The answer is to be the lines below that lie between the line holding "westen met berging" and the line holding "- divide the", inclusive, transcribed exactly and free of pictures.

» PROVIDED ENTRIES
....

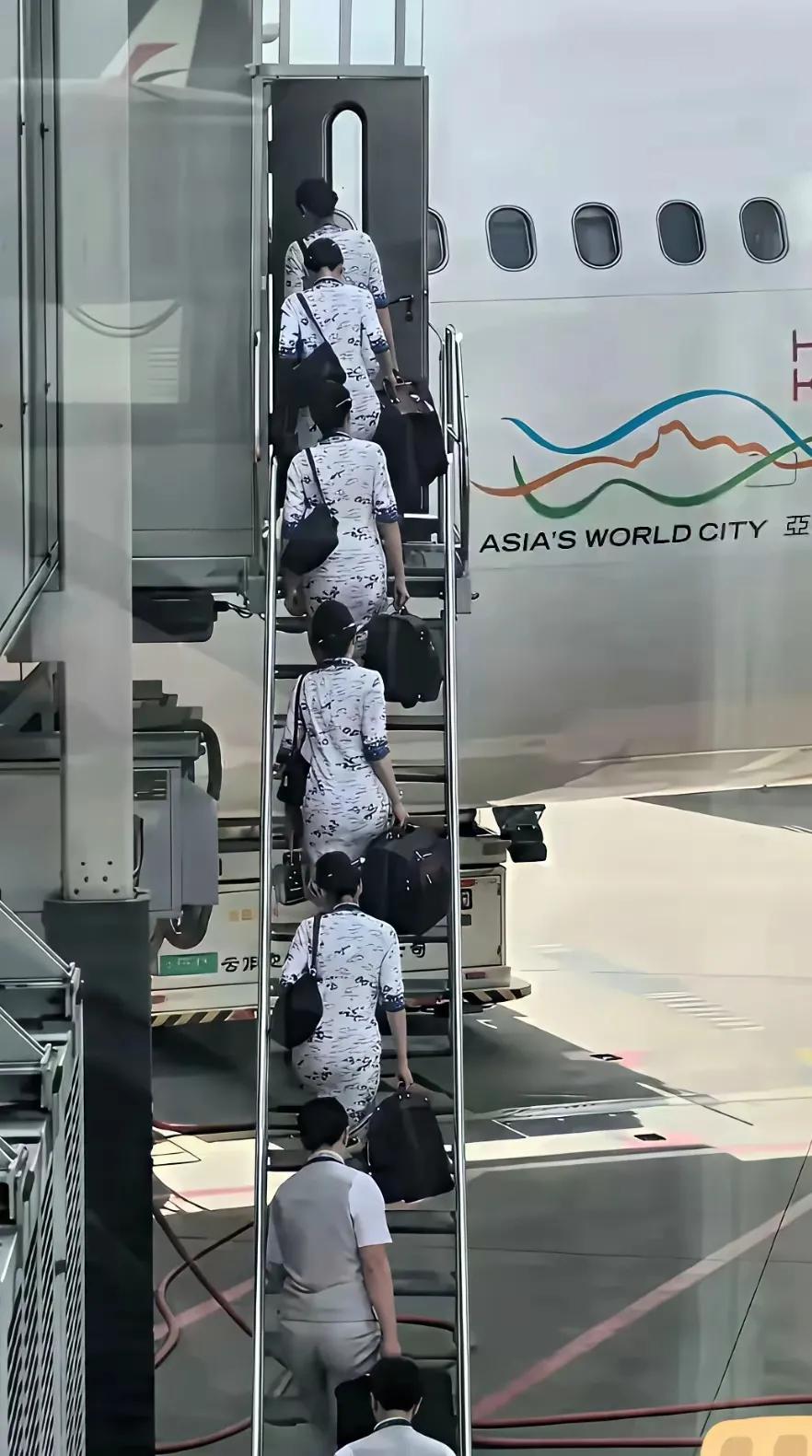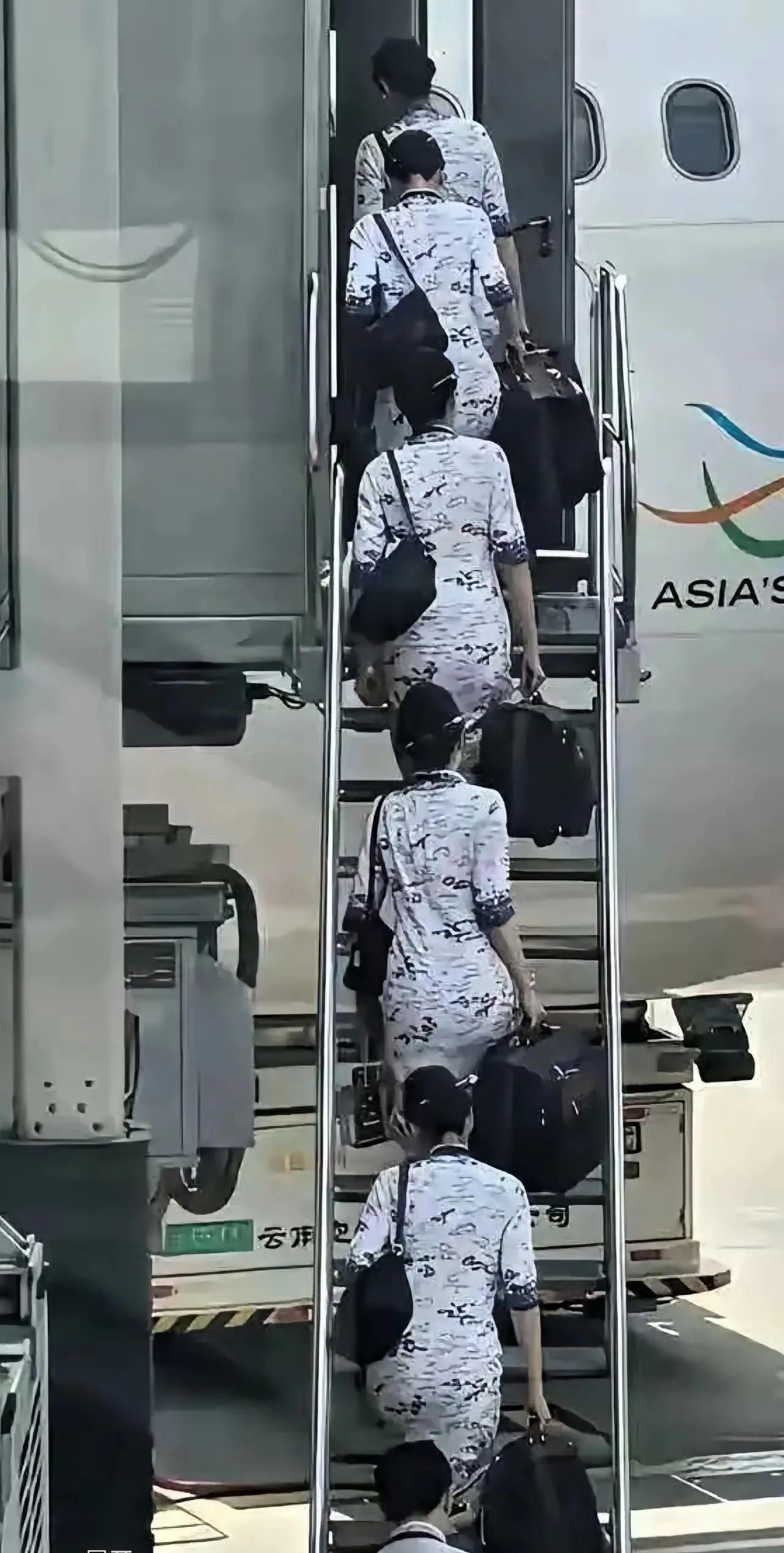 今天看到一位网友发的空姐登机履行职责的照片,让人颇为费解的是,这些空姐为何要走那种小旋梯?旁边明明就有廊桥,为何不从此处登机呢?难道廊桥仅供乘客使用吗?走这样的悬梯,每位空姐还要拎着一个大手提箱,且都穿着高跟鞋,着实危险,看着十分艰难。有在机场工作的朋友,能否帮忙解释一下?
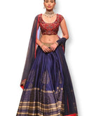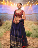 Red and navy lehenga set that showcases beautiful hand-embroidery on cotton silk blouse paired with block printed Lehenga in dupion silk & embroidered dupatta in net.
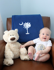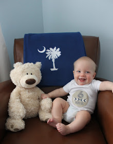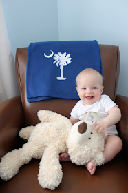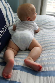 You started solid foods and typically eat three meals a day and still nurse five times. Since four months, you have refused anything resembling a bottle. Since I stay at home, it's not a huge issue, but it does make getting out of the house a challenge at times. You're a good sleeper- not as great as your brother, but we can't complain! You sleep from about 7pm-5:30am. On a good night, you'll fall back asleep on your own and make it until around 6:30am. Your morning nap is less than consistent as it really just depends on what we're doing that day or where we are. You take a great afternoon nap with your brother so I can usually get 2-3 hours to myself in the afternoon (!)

....

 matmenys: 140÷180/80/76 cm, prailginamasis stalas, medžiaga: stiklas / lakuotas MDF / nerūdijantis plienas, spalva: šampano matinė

....

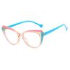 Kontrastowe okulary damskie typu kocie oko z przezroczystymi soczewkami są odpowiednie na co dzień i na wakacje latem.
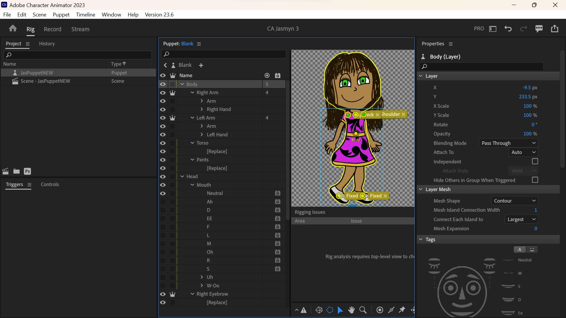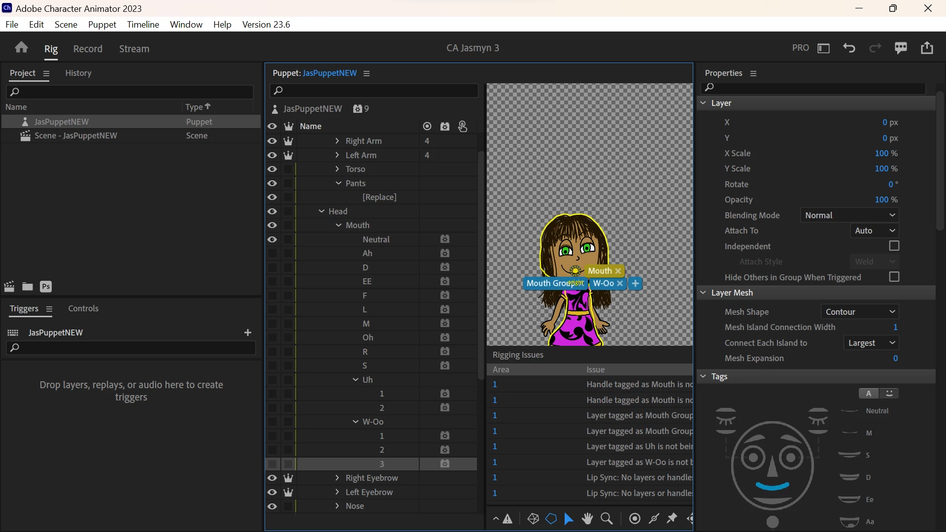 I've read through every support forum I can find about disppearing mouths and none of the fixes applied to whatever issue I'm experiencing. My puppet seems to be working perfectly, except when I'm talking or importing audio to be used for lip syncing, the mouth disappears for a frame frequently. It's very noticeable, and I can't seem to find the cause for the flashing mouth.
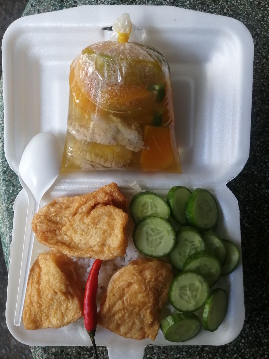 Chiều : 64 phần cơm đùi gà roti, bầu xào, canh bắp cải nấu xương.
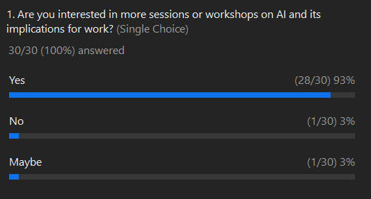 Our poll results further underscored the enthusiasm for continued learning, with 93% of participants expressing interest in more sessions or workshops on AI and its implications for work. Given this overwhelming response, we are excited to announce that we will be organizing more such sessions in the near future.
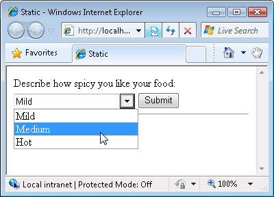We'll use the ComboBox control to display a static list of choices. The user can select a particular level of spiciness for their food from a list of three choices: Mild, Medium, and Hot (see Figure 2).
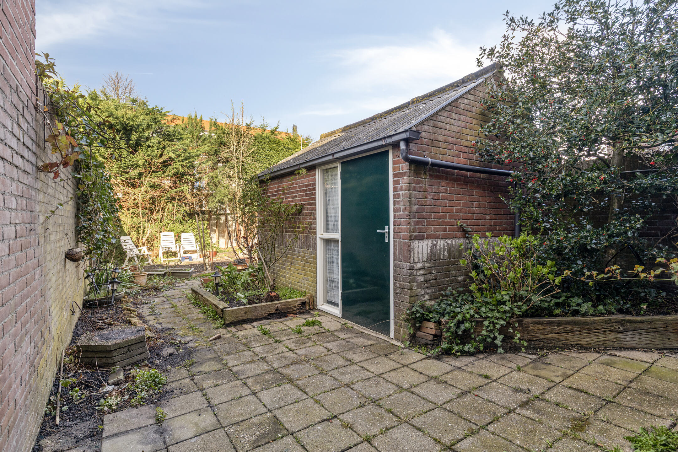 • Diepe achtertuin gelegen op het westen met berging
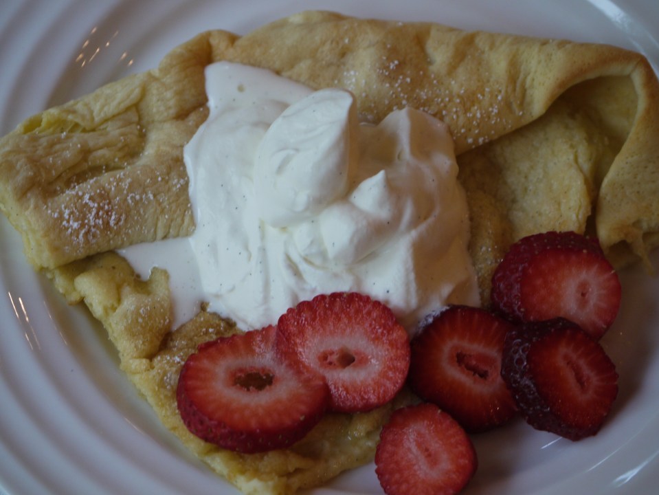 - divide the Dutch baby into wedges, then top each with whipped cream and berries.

....

» RESPONSE
 • Diepe achtertuin gelegen op het westen met berging
 - divide the Dutch baby into wedges, then top each with whipped cream and berries.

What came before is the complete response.